As stated in the last Journal, I changed families again in the beginning.

The Tsuji family has been interesting. It has it’s ups and downs.

I feel like I’m being watched constantly- the my Host mom and older Host sis have no problem commenting on any habits I have that don’t match up with their ideals, be it hygiene or eating or whatnot- which I didn’t feel too bad about until my host mom brought up the subject of bathing- now, I bathe every other day here, which is about half as often as the Japanese, but one day after coming home from club on a normal bath day, I fell asleep accidentally ended up not bathing. The next day, my host mom brought up the subject and recited my hygenic activity for a the last week and asked if it would become a habit- older sis joined halfway. I was like, wait a second guys, why are you even paying that much attention?? THIS IS BORDERLINE CREEPY-

On the upside, this is the first Host Father I’ve had that I actually feel comfortable with. My first two just kind of weirded me out, to be honest, which probably has more to do with my sheltered childhood than with any actual creepiness, but I digress. It’s fun at mealtimes not to have to grit my teeth while suppressing the urge to throw up at the variety of sounds emitting from Host Dad.

Host dad is just kind of one of those incredibly chill ‘I live with 3 women, and believe me, nothing you do phases me’ kind of guys. With me that makes 4. Poor him.

This morning, I was running late and forgot my lunch on the way out the door, and he just coolly ‘Emiriii! Lunch!’ and brought it out with me- along with the snack/candy basket! “Okashhhh [candy/snack]’ he said, slurring the last s sound and grinning, like, no big deal, you’re already on your bike but here’s your lunchbox and I brought out the entire snack collection too’ no probo. It was really thoughtful and funny, I thought. Although it does show he’s picked up well on my like of candy, which could be a bad thing. Ahem.

Host mom is really a very strong person, and we butt heads sometimes but never seriously. It’s what you get when 2 outspoken stubborn people with different raisings get thrown in the same house. From the get go she just adopted the attitude YOU ARE MY EXCHANGE STUDENT AND THAT IS THAT okay LETS GO. But, she is, as mentioned earlier, really attentive and tends to worry.

Host mom and Host dad have a really great relationship too. After the kids leave the dinner table, they just sit there blabbing for ages and when I end up being the last of the 3 kids eating I always hurry because it vaguely feels like I’m interrupting something...

Ayume Tsuji, 17, has been interesting. I never know how to act, and I’ll leave it at that. I’ve been making more of an effort to put myself out there after my school counselor said that Ayume had said in passing that she didn’t know if I was happy or not in their home. It’s paying off, I think. Still. As were in the same class, everything I say and do around her is something I wouldn’t mind my entire class knowing, which can be taxing.

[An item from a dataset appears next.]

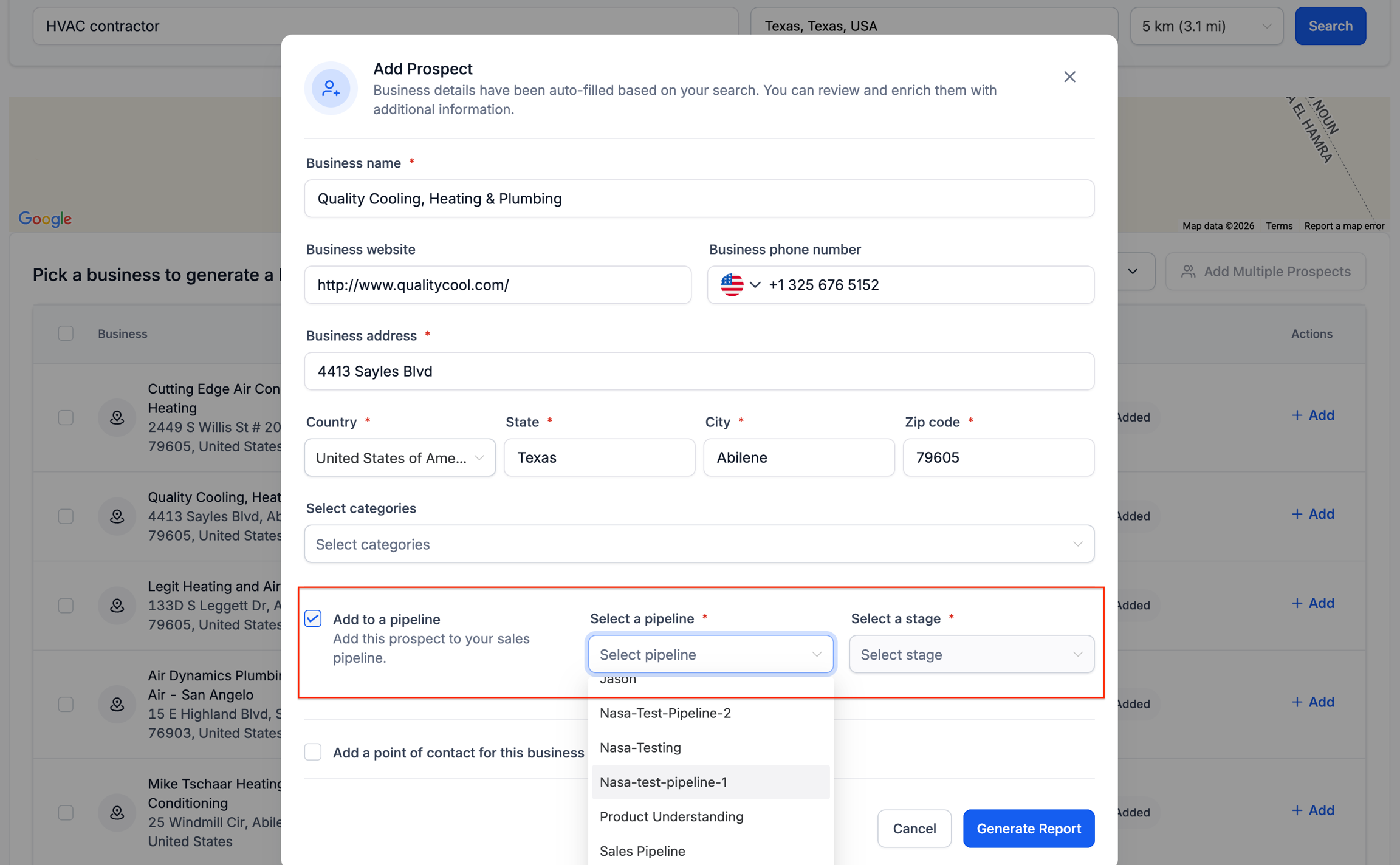 You can now send new prospects directly into your sales pipelines from the Prospecting Tool β making it easier to move from discovery to deal management without manual steps.

My second week, they took me to Nara! For those of you don’t know, Nara is city in the Nara Prefecture that is most famous a special park. Of course, there’s a Buddha big enough that I can slip through one of it’s nostrils [Tried AND tested] and a temple a few times older than Amerika, [you are probably still wondering about testing the nostril theory] but the main attraction is neither.

It is fat, overfed, cushy pestulant beasts that litter the sacred cobbling stones..

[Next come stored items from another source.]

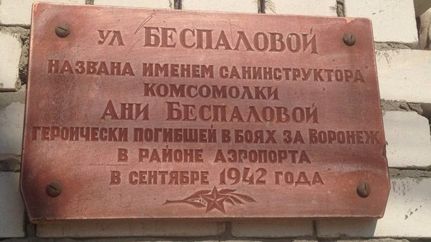 Улица Ани Беспаловой находится в Коминтерновском районе г. Воронежа. Однако сведений о жизни той, чьим именем названа эта улица, очень мало.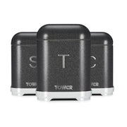Tower Glitz Noir Tea, Coffee, Sugar Canisters in Black Kitchen Storage Set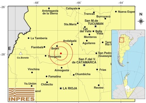 Epicentro: 121 km al NO de San F. Del Valle De Catamarca; 161 km al N de La Rioja; 39 km al SE de Belén -27.961 (lat) -66.841 (long)

No, this isn’t India. It’s not cows. It’s… deer. Uh, yeah.

You might not know this. But Deer are scary. Especially when you’re holding a handful of deer biscuits and there are approximately 10 of them nipping at your heels. And coat. And bag. And hair, if it happens to be long enough to be in reach. But of course there’s no one like that in Japan, right? Ha. Ha. Ha. Ha….

ATTACK

But funnier than this, Ayume was absolutely terrified of the deer. Like, crying high pitched squeals fleeing in knee high, high-heeled boots kind of terrified. I’ll admit I found it hilarious…………

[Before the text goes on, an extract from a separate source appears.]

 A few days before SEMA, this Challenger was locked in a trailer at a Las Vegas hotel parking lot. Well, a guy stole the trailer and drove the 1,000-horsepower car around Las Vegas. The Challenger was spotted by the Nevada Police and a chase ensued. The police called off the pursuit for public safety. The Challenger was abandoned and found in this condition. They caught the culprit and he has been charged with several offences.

She didn’t really appreciate it when I snuck up behind her, and with a wave of a biscuit, summoned a herd of a deer for her…. What an ingrate. Maybe a cultural thing?
She did okay with the little ones though

Hey did you know this! The word Rickshaw, you know, that vehicle carried by a guy in front, common in india and what not? That’s! That’s actually a Japanese word! Jin (人)rik(力) Sha! (車) Meaning: Person-power-vehicle! Person powered vehicle! Yeah ! I got to ride in one, courtesy of host dad, and it was interesting. The guy powering it was really funny, and had fun showing off his uh, equally funny English skills while me and Ayume apologized for our weight and promised to diet in the future.

Sadly we did not hit any deer on our Jinrikusha adventure.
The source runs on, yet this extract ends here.